Perhaps some of you may take offense that I am including some humor in my breast cancer journey. But it happened over two decades ago so I consider myself a successful survivor.
At the time I was living in Kingston, New York, in a house we had bought to be closer to my Mum and her husband as we all worked to keep Mum home through her diagnosis at the time of “possible Alzheimer’s.” My then-husband was a nurse in the City, so he came up on weekends. I was able to transfer my title-searching skills honed in Connecticut to the different system in New York, and most afternoons I was available to take Mum for a ride in the lovely countryside.

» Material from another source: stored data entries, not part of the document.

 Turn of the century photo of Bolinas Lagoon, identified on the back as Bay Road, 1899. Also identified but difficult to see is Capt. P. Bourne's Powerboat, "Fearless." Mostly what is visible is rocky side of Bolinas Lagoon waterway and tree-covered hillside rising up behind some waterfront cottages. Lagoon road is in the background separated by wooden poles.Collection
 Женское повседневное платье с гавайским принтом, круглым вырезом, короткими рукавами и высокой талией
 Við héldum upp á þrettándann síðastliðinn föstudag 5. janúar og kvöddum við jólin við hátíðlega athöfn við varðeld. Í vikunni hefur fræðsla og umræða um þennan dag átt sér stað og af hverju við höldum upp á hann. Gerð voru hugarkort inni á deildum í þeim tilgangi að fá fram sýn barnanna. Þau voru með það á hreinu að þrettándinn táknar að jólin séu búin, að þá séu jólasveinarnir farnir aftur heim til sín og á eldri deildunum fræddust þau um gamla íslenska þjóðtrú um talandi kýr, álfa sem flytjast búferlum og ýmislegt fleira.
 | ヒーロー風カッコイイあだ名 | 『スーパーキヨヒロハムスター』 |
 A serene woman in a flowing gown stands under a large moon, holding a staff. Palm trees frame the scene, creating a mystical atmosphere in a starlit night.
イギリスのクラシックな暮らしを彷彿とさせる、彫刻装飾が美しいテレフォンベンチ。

Obviously as a busy post-menopausal woman of the early 2000’s, I didn’t take much time for self-reflection. But when I noticed a spot of blood in my bra it got my attention. Mercifully, the rest of this story has been somewhat dimmed. But I remember very clearly my first encounter with the medical establishment in Kingston. An older gentleman doctor examined my breasts (the right one was the source of the eruption), and he said he would order the necessary X-rays. He then literally patted me on the head and said, '“Now, don’t you worry about a thing. Whatever the results, I’ll take care of you.” For anyone who knows me, that was absolutely the wrong thing to say. I immediately began plotting my escape. Sure enough the X-rays indicated a need for further inquiry, and I knew that I wanted to head straight to New York City’s famous Memorial Sloan Kettering Cancer Center (MSKCC or Sloan as we called it) as soon as I could become a patient. In fact, it happened quite seamlessly as I recall and not particularly because my husband was a nurse at a different City hospital. Anyone may contact these marvelous teaching hospitals for care.

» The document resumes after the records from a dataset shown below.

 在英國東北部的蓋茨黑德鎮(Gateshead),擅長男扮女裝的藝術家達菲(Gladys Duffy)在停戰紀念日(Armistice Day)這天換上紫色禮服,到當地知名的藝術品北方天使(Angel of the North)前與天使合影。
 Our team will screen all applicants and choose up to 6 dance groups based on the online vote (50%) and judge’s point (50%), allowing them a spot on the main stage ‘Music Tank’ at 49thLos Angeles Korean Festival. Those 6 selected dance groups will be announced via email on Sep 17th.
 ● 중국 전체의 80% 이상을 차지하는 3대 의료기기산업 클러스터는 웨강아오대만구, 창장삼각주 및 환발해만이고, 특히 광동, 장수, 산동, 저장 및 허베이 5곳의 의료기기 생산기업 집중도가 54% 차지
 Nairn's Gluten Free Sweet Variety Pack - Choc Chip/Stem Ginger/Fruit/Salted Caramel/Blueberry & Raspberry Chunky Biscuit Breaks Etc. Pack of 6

Fortunately we had some great daily help with Mum by that time, and as soon as I got the radiology results transferred to Sloan, we were off and running. I had a complete mastectomy of the right breast in the summer of 2003, with an additional operation about a month later because they felt the sentinel node biopsy done during the initial operation required the removal of additional lymph nodes. My surgeon being Dr. Kimberly Van Zee, a fellow female, gave me an extra lift. I was later followed by oncologist Dr. Andrew Seidman; and both of these marvelous doctors have continued great careers in their fields. I continued to be followed scrupulously for the next five years, with annual mammograms at Sloan, even after I moved back to Connecticut once caregiving of Mum and her husband was done. By the way, Sloan has a wonderful lingerie boutique, and my husband found out that as a survivor I am eligible for lovely new bras to contain my prosthesis much more regularly than I would normally buy new underwear.
I opted to not have reconstruction because as I said at the time, I had nursed my born-in-the-seventies daughter for two years, and she didn’t need my breasts for food any more. And finally, my favorite saying from this experience is that personally my sex drive seems to have increased with the removal of that breast—all the sensual sensations associated with it have migrated farther south!
Perhaps some of you may take offense that I am including some humor in my breast cancer journey- Not at all. It's an important story to share and only a survivor can do that
Very uplifting post, as usual, Katharine. So happy all went well for you so I could have the privilege of enjoying your posts.